Subo lentamente as escadas e vou até o quarto à direita no extenso corredor escuro. Vejo três corpos, não tão pequenos como da última vez que estivemos aqui, há um ano, cobertos na enorme cama de casal com um edredom branco com desenhos geométricos. Sorrio com a cena, mas não por muito tempo, pois logo minha cabeça começa a doer.
07h10
A manhã nasce nublada e melancólica. A nevasca continua a cair. Saio do quarto e caminho até as escadas, mas paro assim que percebo que o mesmo disco de ontem está tocando. Coloco meu pé no primeiro degrau, mas ainda com receio, desço a escada de madeira. "Devem ser as crianças", digo para me tranquilizar. Continuo agora menos preocupada, mas, ao chegar ao andar inferior, percebo que não há ninguém. Caminho até o toca-discos e novamente retiro o grande disco de lá, jogando-o no fogo aceso da lareira, que logo o consome. Talvez eu apenas tenha me esquecido de tirá-lo do toca-discos ontem.

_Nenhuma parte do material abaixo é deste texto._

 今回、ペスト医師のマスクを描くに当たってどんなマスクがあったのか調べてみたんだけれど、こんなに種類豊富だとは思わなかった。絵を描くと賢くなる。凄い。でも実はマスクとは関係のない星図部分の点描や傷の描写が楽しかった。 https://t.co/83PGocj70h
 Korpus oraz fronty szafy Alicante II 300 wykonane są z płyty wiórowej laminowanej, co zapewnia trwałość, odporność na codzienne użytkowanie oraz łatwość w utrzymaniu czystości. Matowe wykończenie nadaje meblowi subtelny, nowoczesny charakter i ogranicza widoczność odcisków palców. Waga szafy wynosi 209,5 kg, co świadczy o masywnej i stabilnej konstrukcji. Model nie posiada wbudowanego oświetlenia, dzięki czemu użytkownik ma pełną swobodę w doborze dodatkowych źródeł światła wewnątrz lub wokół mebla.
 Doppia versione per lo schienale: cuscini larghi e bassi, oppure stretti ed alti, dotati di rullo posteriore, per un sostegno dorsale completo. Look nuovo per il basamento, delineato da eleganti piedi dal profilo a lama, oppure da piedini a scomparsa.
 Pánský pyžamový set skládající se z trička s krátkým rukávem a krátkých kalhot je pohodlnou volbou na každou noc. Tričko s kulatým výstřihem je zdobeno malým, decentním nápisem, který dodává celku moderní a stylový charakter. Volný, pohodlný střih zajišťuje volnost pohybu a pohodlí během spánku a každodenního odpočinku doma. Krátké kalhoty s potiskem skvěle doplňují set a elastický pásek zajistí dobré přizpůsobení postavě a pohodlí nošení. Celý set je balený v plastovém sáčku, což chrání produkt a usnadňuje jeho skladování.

Quando eles descem, o café da manhã já está pronto, e eu já engoli uma quantidade razoável de pílulas, apenas para aliviar a dor de cabeça – é o que digo a mim mesma. Os três meninos me olham de forma estranha, desviando o olhar para minhas mãos. Mordo minha língua instintivamente, pensando que talvez tenham visto as pílulas. Saio da cozinha o mais rápido que consigo, deixando-as sobre a enorme mesa de madeira.
20h28
A noite começa a se estender, deixando a paisagem mais sombria. Percebo que as crianças estão quietas hoje, como sempre são – quase não falam. Suspiro e balanço a taça de vinho na minha mão. Embaixo, vejo o pó das pílulas se dissolver. A melhor combinação possível. Já sinto meu cérebro enviando comandos elétricos ao meu corpo; o êxtase me consome e, ao mesmo tempo, sinto-me em paz comigo mesma e com as outras coisas que aqui não me perturbam. É como se existíssemos apenas eu e as crianças, e este fosse nosso refúgio secreto, onde ninguém seria capaz de nos encontrar.

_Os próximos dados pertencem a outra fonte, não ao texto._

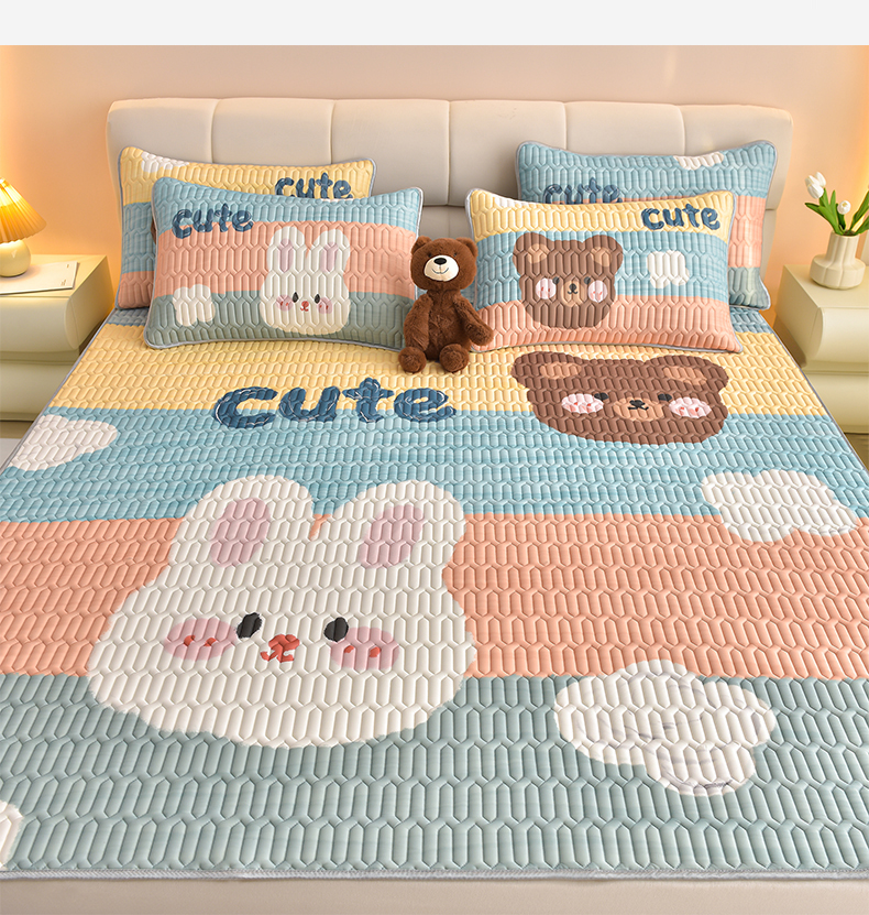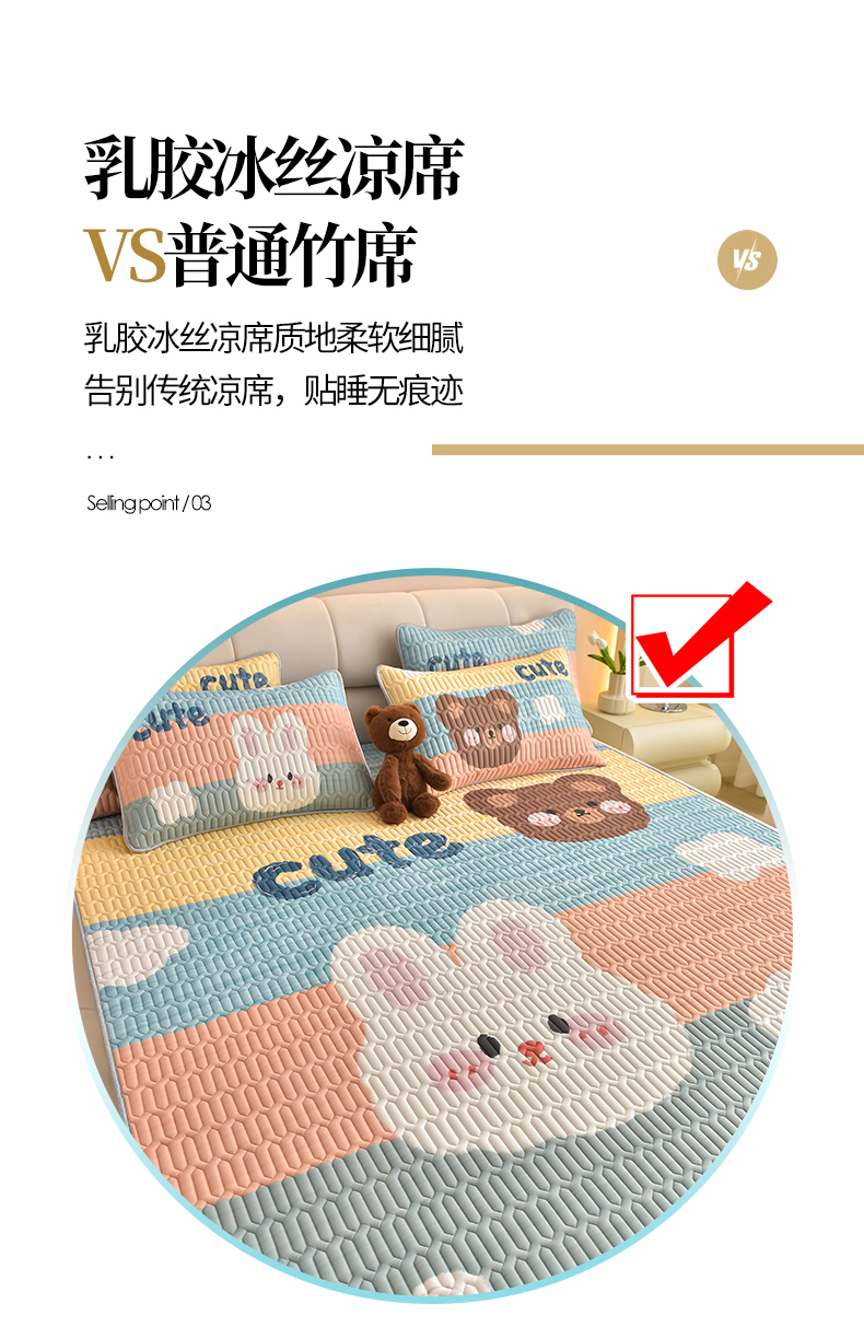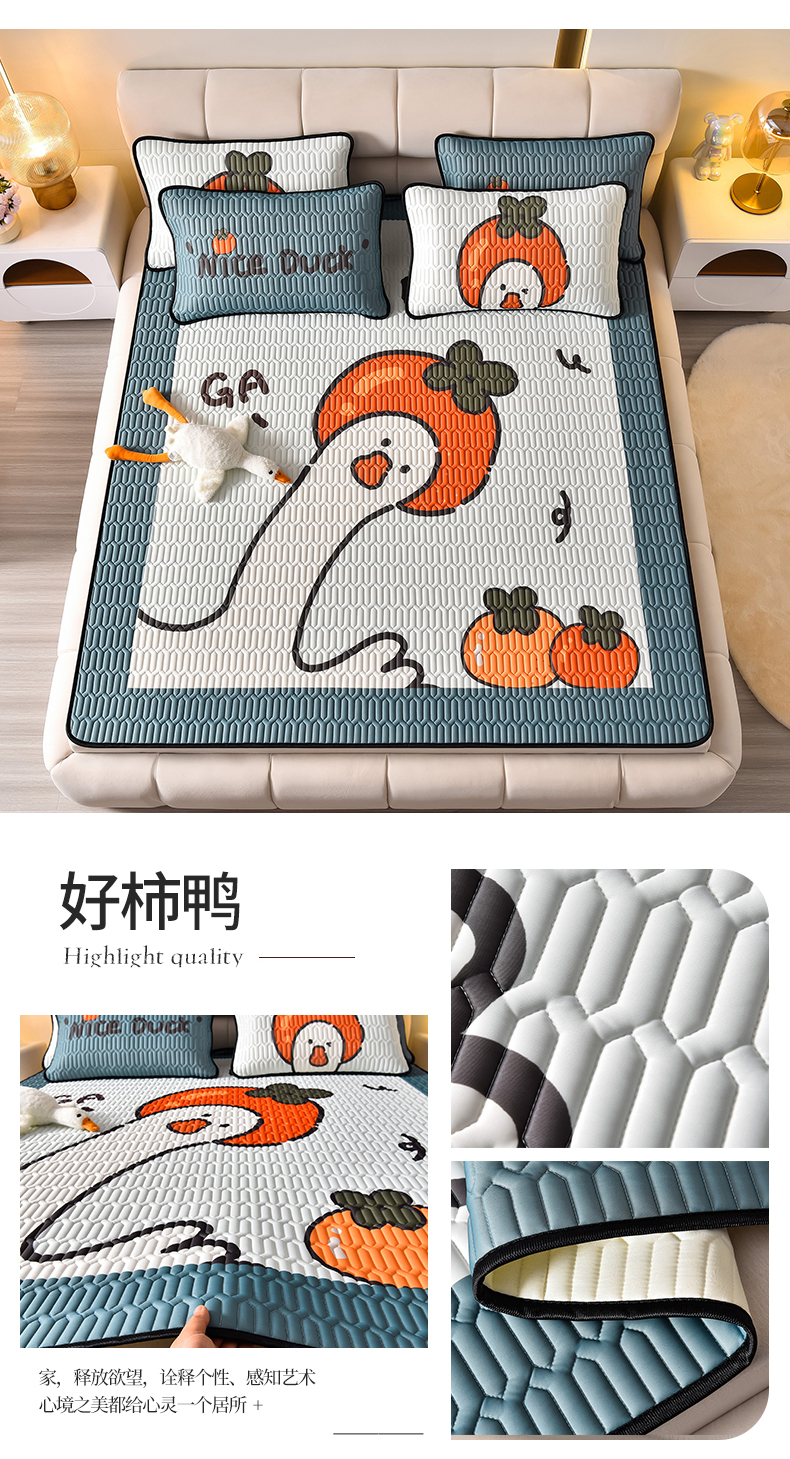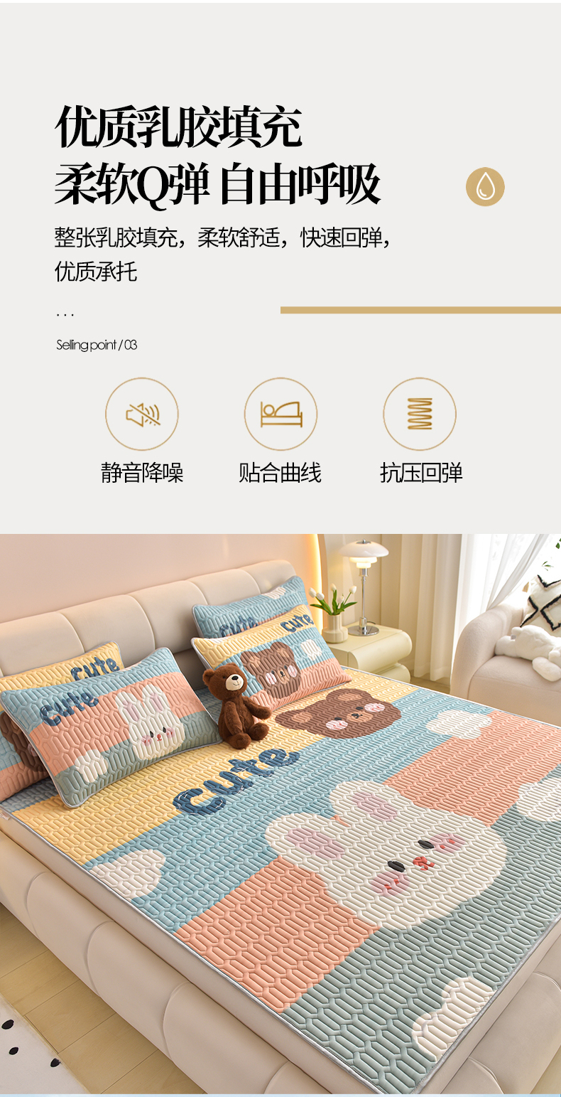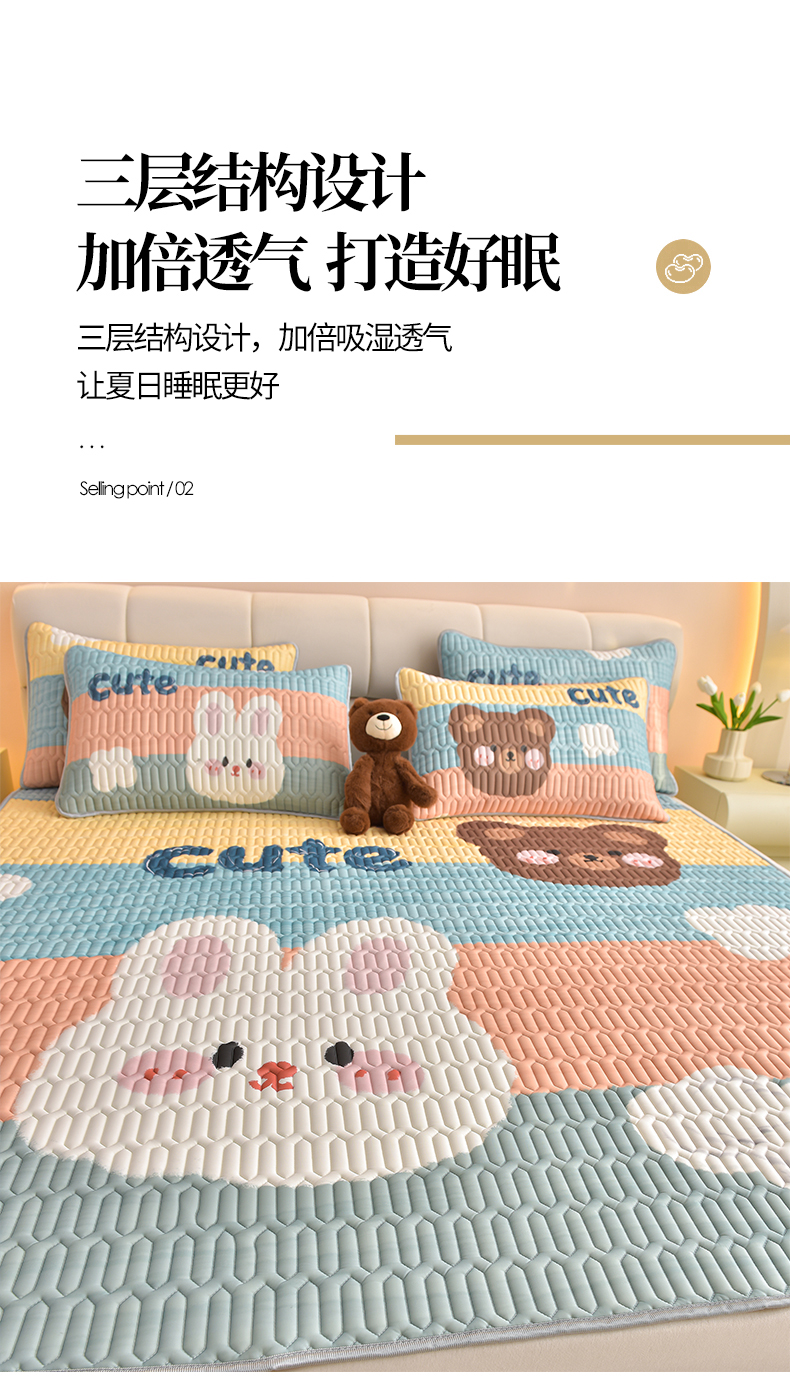 商品名称:炫拼家纺 2026新款凉感丝大版卡通乳胶凉席三件套 彩色心情

O celular começa a vibrar em cima do sofá, tirando-me do estado de êxtase. Pego-o rapidamente, antes que as crianças vejam, e leio a mensagem que aparece na tela de bloqueio: Traga-os de volta.
Ao invés de responder, viro a taça até não restar uma única gota, enquanto os vejo pendurarem três pequenos bonecos em forma de esqueleto na árvore de Natal.
25/12/XX
19h00
Retiro o peru do forno e o coloco na mesa. A mesa está completa agora. Por um instante, tudo parece perfeito; até mesmo me permito um breve sorriso. Mas logo sou arrastada para a realidade quando o celular vibra na bancada de madeira. Pego o smartphone e vou em direção à sala. A lareira ainda está acesa. Jogo o aparelho ali, e as chamas o consomem rapidamente. Hoje, nada pode dar errado. É o dia da ceia.
Chamo os meninos, mas não os vejo descer. Decido subir as escadas e, ao tentar abrir a porta do quarto, percebo que está trancada. Bato devagar na madeira escura, mas não recebo resposta. Tento novamente, sem sucesso. Pego a chave reserva da casa e volto. Destranco a porta e encontro as crianças encolhidas na cama, implorando para não descerem. Mas hoje é a ceia de Natal.
XX/XX/XX
Chego finalmente à porta da cabana. Coloco a lenha ao lado e seguro o machado. Apesar da neve forte, precisei cortar lenha para a lareira, que agora deve estar fria.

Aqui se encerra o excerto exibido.